We conclude that, at least at the level of transcription, there is no evidence of a distinct expression program that persists from the blastula to give rise to the neural crest. We fail to see such cells both using unsupervised approaches (clustering) and by examining the set of eight shared genes previously proposed to maintain pluripotency. It is not possible to completely rule out the retention of a blastula-like pluripotency program in neural crest precursors from our data: if functional pluripotency was maintained by chromatin state or posttranslational modification it may be undetectable by scRNA-seq. Nevertheless, these new studies argue against a persistent transcriptional program preserved from an earlier stage uniquely in the neural crest. Rather, we argue in favor of a more conventional view of neural crest development proceeding from a well-defined ectodermal lineage.
Discussion
Embryonic development involves a carefully timed set of changes in cell behavior that drives the egg to a complex spatial and compositional pattern of cell types. A biochemical dissection of the underlying processes in development is complicated by limited material in the embryo and the heterogeneity of its composition, both of which must be considered together. Methods such as in situ hybridization have bridged these difficulties and can now be performed quantitatively and simultaneously over many genes (31, 32). However, registering such spatial information at single-cell resolution can be challenging, particularly in three-dimensional tissues. In an alternative approach, we and others have developed single-cell transcriptomic methods, which sacrifice spatial information and in return provide a universal modality of measurement that is easily adapted to diverse situations (1, 33). In a short time, these methods have been widely deployed and excelled in revealing cell population structures and dynamics (17, 34, 35). The resulting cell atlases can be computationally related to spatial structure using extensive in situ expression databases such as Xenbase (36, 37). For embryos, applying scRNA-Seq involves important considerations. The method should not preferentially select a single cell type. It should be highly efficient in yield of cells. The dissociation procedure adopted should be quick and complete. Background RNA released by lysed cells in the sample should be minimized. These problems are acute for Xenopus embryos, as it has large yolk-filled blastomeres that are sensitive to shear forces and handling. Yet these problems have been overcome with a method of efficient capture and very little cell lysis.

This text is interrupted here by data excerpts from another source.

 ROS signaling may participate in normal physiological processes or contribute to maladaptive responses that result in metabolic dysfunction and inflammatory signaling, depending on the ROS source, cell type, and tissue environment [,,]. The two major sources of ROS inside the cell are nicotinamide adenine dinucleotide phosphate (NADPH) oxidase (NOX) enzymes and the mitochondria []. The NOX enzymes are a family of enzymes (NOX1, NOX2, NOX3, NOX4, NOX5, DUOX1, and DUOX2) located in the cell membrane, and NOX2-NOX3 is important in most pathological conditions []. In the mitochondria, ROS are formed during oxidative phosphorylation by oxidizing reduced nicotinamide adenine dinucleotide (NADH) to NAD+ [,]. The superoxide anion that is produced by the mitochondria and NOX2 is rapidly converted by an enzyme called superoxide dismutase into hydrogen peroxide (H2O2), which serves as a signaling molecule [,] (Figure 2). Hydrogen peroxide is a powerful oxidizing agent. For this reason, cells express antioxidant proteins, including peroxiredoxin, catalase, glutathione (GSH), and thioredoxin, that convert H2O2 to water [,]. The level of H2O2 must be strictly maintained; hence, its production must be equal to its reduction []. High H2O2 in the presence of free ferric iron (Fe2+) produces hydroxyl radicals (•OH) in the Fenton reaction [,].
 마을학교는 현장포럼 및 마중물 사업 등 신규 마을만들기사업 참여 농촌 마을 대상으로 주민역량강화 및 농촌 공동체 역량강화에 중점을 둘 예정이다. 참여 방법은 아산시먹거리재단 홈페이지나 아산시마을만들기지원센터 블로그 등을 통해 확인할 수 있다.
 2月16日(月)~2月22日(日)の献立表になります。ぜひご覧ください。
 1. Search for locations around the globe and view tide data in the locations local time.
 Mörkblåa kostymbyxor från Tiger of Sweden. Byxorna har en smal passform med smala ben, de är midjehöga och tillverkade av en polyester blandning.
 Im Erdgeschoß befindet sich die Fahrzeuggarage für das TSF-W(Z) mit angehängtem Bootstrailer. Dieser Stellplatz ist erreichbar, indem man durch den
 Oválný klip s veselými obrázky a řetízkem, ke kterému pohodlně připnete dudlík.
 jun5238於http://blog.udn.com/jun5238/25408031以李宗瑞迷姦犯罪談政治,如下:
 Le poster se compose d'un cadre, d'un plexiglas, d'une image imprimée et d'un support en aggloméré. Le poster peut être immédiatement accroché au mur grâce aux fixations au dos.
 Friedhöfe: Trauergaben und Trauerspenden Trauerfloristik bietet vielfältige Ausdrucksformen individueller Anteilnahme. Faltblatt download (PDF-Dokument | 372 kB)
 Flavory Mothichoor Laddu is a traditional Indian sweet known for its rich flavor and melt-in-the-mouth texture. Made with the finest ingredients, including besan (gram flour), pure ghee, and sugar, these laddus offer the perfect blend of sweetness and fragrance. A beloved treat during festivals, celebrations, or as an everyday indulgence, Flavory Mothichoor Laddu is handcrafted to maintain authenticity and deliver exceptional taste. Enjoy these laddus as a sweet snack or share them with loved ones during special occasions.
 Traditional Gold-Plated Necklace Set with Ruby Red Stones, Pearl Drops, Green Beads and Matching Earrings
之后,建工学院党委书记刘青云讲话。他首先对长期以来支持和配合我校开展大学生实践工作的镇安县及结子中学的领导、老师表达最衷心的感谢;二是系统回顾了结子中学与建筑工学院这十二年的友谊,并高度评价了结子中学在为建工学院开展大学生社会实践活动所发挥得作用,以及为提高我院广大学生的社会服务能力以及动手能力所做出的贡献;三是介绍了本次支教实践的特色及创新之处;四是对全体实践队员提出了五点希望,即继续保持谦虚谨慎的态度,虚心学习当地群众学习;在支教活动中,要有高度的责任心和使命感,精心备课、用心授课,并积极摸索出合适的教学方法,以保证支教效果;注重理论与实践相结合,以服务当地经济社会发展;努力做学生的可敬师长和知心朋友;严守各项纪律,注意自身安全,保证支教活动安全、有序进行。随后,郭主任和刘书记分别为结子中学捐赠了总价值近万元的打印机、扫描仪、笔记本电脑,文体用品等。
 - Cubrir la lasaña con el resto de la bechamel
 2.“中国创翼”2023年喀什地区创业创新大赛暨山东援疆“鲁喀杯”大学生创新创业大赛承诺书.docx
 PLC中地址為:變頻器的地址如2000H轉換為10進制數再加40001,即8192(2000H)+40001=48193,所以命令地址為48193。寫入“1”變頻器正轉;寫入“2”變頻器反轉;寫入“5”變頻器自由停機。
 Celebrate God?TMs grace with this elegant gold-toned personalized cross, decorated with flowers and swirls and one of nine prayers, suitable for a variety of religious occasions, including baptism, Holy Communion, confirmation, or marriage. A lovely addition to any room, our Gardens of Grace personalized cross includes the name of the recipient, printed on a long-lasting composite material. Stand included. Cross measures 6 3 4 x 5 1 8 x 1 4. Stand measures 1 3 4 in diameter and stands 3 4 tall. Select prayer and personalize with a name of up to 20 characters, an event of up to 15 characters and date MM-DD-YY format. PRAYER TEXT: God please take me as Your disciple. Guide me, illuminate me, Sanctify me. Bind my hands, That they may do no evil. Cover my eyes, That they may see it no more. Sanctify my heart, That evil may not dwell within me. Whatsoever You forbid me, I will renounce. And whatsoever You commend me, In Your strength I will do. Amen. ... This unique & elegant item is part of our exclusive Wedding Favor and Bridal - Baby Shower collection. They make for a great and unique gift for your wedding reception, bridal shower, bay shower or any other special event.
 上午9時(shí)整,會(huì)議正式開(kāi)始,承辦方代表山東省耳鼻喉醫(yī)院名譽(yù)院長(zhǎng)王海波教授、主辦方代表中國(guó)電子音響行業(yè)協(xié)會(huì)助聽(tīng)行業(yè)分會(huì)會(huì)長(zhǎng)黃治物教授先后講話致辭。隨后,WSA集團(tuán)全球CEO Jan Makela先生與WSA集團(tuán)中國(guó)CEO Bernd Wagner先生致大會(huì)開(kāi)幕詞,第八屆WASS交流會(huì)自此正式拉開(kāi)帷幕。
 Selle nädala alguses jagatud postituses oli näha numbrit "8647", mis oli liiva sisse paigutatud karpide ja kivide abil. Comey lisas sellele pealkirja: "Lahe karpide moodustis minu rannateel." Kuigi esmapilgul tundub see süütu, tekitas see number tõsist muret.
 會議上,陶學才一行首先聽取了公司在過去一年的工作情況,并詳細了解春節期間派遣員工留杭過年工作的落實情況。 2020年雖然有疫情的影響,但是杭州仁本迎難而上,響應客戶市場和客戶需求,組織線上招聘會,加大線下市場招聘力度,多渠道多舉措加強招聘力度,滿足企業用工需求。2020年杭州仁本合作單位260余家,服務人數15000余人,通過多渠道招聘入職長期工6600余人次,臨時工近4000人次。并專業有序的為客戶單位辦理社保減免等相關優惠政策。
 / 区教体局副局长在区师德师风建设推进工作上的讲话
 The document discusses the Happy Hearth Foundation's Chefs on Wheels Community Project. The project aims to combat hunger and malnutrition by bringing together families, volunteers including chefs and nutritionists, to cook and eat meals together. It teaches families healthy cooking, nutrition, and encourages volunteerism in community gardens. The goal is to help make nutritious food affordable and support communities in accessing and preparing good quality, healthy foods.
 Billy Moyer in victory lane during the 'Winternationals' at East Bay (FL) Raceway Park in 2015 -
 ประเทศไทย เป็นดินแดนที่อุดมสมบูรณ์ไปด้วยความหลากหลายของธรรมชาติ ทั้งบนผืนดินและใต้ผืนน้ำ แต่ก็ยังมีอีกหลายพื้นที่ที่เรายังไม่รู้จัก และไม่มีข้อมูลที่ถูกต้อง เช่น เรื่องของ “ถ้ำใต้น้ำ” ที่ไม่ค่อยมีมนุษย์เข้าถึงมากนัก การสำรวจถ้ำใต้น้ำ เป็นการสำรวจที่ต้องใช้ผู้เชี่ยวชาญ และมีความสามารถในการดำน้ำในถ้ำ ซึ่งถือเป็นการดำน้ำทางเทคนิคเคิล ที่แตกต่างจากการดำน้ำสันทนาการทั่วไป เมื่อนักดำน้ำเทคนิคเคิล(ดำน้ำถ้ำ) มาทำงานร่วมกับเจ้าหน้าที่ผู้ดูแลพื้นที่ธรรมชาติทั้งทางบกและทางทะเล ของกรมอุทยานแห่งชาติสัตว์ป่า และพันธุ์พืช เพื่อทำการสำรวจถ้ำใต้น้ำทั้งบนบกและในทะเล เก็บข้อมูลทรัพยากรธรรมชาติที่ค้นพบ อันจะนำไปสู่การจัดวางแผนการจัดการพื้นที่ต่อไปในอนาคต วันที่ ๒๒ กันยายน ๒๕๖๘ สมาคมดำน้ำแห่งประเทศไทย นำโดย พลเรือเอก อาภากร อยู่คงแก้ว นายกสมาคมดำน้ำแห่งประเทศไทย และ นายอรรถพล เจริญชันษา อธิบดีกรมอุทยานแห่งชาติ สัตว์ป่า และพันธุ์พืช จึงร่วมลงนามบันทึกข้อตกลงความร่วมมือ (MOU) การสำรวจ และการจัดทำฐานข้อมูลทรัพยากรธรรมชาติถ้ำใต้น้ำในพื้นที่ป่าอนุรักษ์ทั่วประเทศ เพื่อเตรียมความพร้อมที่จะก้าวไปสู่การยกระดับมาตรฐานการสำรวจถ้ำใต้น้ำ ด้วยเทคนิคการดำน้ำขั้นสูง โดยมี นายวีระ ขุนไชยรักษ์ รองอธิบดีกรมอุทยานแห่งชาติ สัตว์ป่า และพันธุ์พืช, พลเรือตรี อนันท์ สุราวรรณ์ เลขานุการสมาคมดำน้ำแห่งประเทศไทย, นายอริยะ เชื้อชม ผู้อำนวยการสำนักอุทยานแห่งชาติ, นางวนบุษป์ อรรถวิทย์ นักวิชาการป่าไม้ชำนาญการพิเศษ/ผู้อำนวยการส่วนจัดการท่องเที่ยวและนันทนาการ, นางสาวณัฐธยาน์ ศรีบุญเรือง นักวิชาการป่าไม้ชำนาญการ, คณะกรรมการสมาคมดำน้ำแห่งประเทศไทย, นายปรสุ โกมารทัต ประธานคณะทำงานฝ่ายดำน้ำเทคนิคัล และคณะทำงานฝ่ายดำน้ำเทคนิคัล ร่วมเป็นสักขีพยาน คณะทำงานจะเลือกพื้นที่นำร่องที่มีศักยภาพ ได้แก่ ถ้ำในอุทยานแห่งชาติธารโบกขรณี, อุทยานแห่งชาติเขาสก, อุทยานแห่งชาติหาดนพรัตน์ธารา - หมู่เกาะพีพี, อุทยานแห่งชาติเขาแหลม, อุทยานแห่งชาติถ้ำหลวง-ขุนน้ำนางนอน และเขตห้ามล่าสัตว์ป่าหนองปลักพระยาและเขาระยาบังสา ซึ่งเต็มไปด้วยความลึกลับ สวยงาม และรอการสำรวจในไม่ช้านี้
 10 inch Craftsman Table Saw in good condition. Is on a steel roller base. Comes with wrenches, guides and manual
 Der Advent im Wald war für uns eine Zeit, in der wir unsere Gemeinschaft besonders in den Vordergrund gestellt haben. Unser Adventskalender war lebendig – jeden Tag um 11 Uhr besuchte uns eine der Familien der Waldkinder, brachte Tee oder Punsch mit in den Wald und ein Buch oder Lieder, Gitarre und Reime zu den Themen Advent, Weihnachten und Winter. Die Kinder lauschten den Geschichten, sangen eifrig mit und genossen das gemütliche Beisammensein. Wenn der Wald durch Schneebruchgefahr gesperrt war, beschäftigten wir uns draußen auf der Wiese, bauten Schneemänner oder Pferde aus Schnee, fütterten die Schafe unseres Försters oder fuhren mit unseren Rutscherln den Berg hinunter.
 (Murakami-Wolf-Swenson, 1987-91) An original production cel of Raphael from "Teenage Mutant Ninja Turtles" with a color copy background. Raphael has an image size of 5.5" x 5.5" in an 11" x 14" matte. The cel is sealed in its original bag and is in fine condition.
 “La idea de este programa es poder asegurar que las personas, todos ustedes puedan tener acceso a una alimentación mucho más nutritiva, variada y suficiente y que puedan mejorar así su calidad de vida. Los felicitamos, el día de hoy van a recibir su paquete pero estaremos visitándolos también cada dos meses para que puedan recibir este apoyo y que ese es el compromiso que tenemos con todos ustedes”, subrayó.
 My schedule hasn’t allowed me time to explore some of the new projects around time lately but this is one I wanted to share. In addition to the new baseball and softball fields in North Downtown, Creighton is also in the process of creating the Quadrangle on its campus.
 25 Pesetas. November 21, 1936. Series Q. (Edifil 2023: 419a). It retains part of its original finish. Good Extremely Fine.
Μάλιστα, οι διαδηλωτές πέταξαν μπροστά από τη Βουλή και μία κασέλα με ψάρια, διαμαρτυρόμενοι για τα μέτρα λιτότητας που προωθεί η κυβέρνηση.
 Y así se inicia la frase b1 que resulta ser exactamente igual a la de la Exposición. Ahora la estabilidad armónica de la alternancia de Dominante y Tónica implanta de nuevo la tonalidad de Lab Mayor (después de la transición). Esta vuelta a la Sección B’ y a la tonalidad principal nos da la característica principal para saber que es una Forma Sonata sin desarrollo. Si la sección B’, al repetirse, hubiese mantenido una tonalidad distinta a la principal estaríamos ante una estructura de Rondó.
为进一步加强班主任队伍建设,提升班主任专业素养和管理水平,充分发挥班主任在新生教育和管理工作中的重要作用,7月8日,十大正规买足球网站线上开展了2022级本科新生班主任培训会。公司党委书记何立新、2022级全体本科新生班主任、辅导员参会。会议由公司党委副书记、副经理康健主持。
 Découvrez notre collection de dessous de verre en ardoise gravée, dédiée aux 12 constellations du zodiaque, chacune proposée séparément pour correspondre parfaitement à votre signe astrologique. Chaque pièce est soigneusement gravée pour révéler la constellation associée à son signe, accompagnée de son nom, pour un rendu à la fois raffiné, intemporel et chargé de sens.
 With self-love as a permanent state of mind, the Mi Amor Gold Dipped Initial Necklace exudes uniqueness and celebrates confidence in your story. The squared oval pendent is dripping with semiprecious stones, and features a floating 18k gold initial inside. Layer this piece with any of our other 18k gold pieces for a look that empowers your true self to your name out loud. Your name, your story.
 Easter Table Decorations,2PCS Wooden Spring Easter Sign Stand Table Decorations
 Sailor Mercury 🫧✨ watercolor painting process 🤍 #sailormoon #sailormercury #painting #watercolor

We also developed analytical methods for interpreting the time course measurements of single-cell gene expression in the embryo. Large temporal differences obscured temporal mappings between cell states using established tools. This challenge was solved in our analysis by using shared latent spaces to measure similarities between states across adjacent timepoints. Upon linking cell states over time based on their gene expression, we found a strong match to known lineages. There were some differences that could be explained by the heterochonic formation of the same cell type, such as in the differentiation of the somite tissue, and in some cases the transcriptional cell states did not cluster along spatial boundaries. Yet in other aspects the data showed high sensitivity and could detect the first appearance of numerous cell states far earlier than previously appreciated. As shown for the neural crest, the sensitivity and single-cell resolution of our gene expression resource can be used to test specific hypotheses about fundamental developmental processes.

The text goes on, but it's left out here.